*WORK TASK*.
Leave the pictures aside and give back every entry below word for word.
::: THE RECORDS
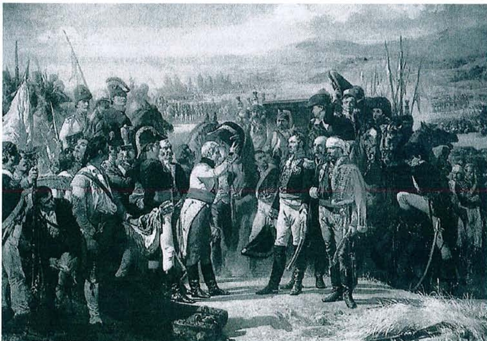
La rendición de Bailén, de Casado del Alisal.
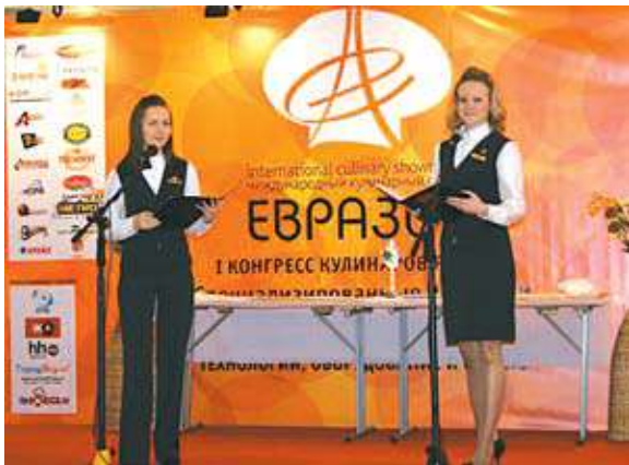
Конкурс администраторов: презентация Отеля «Тюмень»
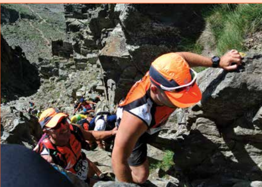
Ici, les sportifs d'Ulteamate Rider en pleine ascension du massif du Canigou dans les Pyrénées-Orientales. La photo représente l'arrivée au sommet, par le passage de la mythique cheminée, après environ 19 km d'ascension !

L'association Ulteamate Rider 95 recherche actuellement des soutiens financiers afin de mener à bien de nombreux projets, notamment dans la perspective de la saison 2014/2015. « Si nos futurs partenaires veulent retrouver leur logo et leurs coordonnées sur nos maillots et notre site internet, qu'ils n'hésitent pas à nous contacter » encourage le président de l'UTR 95. Déjà quelques partenaires ont rejoint l'aventure et permettent de faire vivre l'association. N'attendez plus, soutenez-les !
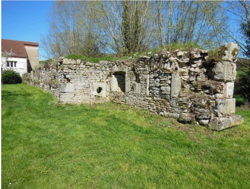
Cliché 2 – Etat de la courtine à cordon d'escarpe avant restauration, vue de l'intérieur.
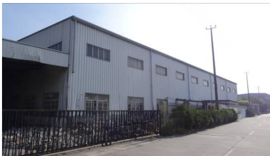
安亭木器厂南立面
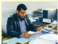
إدارة النقل والعامل

عقد لستة أشهر بـ 73 ألف دينار 300 راكب يوميا .. وللحافلات مناشئة أخرى
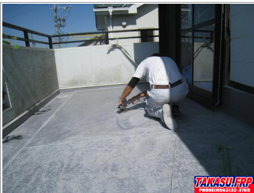
サンディング処理
::::::
*SOLUTION TO THIS EXERCISE*.
La rendición de Bailén, de Casado del Alisal.
Конкурс администраторов: презентация Отеля «Тюмень»
Ici, les sportifs d'Ulteamate Rider en pleine ascension du massif du Canigou dans les Pyrénées-Orientales. La photo représente l'arrivée au sommet, par le passage de la mythique cheminée, après environ 19 km d'ascension !

L'association Ulteamate Rider 95 recherche actuellement des soutiens financiers afin de mener à bien de nombreux projets, notamment dans la perspective de la saison 2014/2015. « Si nos futurs partenaires veulent retrouver leur logo et leurs coordonnées sur nos maillots et notre site internet, qu'ils n'hésitent pas à nous contacter » encourage le président de l'UTR 95. Déjà quelques partenaires ont rejoint l'aventure et permettent de faire vivre l'association. N'attendez plus, soutenez-les !
Cliché 2 – Etat de la courtine à cordon d'escarpe avant restauration, vue de l'intérieur.
安亭木器厂南立面
إدارة النقل والعامل

عقد لستة أشهر بـ 73 ألف دينار 300 راكب يوميا .. وللحافلات مناشئة أخرى
サンディング処理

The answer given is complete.